While the visual features used as state provide means for robustness to camera and target calibration errors, the rigid-body dynamics of the camera ego-motion are highly coupled when expressed as target motion in the image plane. Therefore, a direct adaptive control approach provide better results. We consider a general formulation of the ground robot navigation as Markov decision process (MDP) and use a vanilla clipped proximate policy optimization algorithm

Schulman et al. (2017). In standard policy optimization, the policy to be learned is parametrized by the weights and bias parameters of the underlying neural network. In our case, the underlying neural network contains an attention mechanism in addition to more commonly used convolutional and dense layers. Therefore, the policy optimization solves for the full image error in the visual space while learning the optimal actions for navigation.

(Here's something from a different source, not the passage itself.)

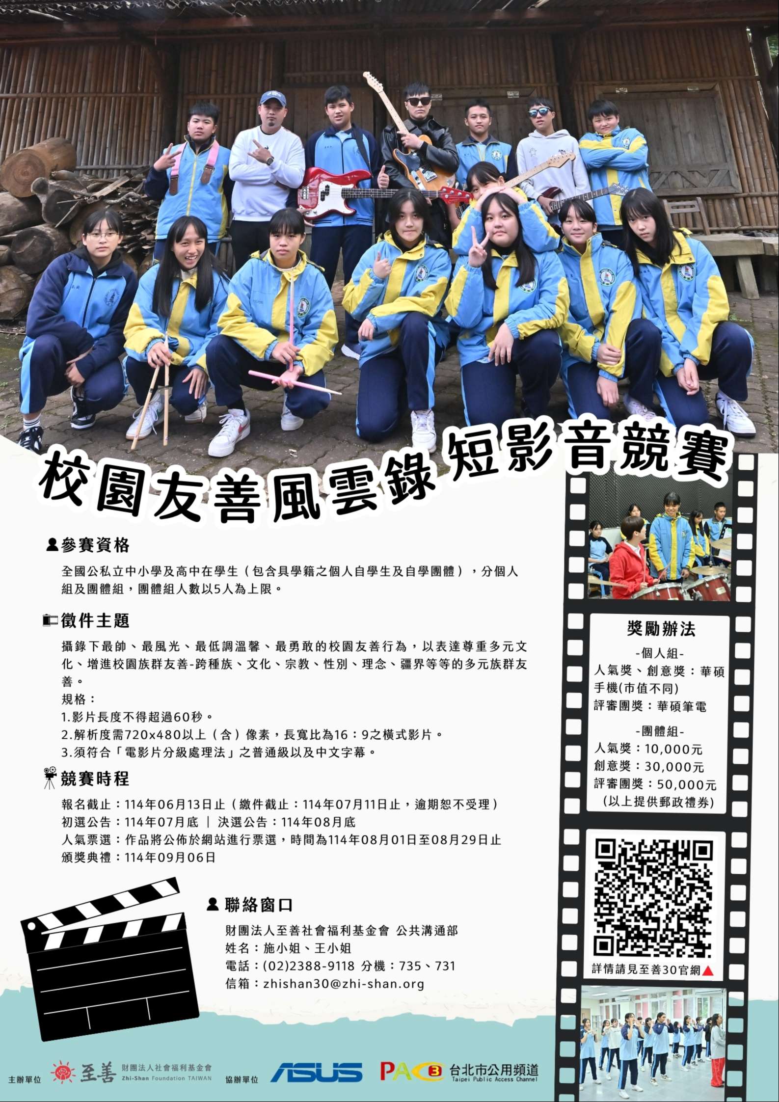 (三)徵件日期:截至114年7月11日止,請將參賽影片上傳 Youtube且設定不公開(知道連結者可觀看),並在活動 網站提供連結及封面縮圖(1280 x 720像素)1張,即完成繳件。

3 Conclusion and Future Work

Most traditional approaches to control robotic agents rely on extracting features from image or using non-image based sensors for state measurements. The optimal control algorithms that utilize pixel as a state typically need a simulation environment. The control policies trained in a specific simulation environment perform poorly in other environments with the same hardware model configuration. We have tackled two critical problems in our work on domain adaptation. First, we provided a theoretical foundation on the conditions under which joint perception and control will perform as well as the current state-of-the-art or better at lower computational complexity. Second, we implemented our approach for a mobile robot and empirically demonstrated the improvement.

We have proposed a new architecture (DACNN) that strives to attain joint perception and control by learning to focus through the lens of the CNN layers, and achieve zero-shot reinforcement learning, converging to an optimal policy that’s transferable across perceptive differences in the environment. The attention model learns to capture the part of the image relevant to driving while the spherical geometry under which the image captures the real-time observation guarantees stable control under the passivity assumption.

We have demonstrated that additive attention can capture the focus required for optimal control theoretically in Section 2 and empirically in the context of autonomous-driving in Section 4. This is achieved by designing the context vector in the form of the full error in visual space with respect to the desired visual features. We empirically prove over comprehensive and targeted experiments in simulation and real world that this new mechanism provides a robust domain transfer performance across different textures, colors, and lighting. We have shown that our attention network performs at par or better compared to the current state-of-the-art method based on variational auto-encoders at lower computational complexity and the need to design extensive set of experiments with domain variation. Future work should also look to explore other attention mechanisms like self-attention Vaswani et al. (2017), deep siamese attention Wu et al. (2018) to have stronger capabilities to teach focus to the encoded features of our network.

4 Supplementary Material

4.1 Experiments and Results

In this section, we summarize our experimental results on sim2sim and sim2real. Our main conclusion is two-folds: 1) DACNN provides equivalent or better performance on domain transfer tasks with texture and light variation in the environment and 2) DACNN converges sooner in training compared to deeper neural networks with better performance, i.e., higher total reward, resulting in lower compute cost without degradation. The faster training is achieved by 1) not randomizing the model and environment conditions and 2) allowing the network to focus on jointly optimizing for perception and dynamics. There is no pre-training stage for learning the latent space representation for perception. An in-depth discussion on our experiments and description of baselines adopted are included in the rest of the paper.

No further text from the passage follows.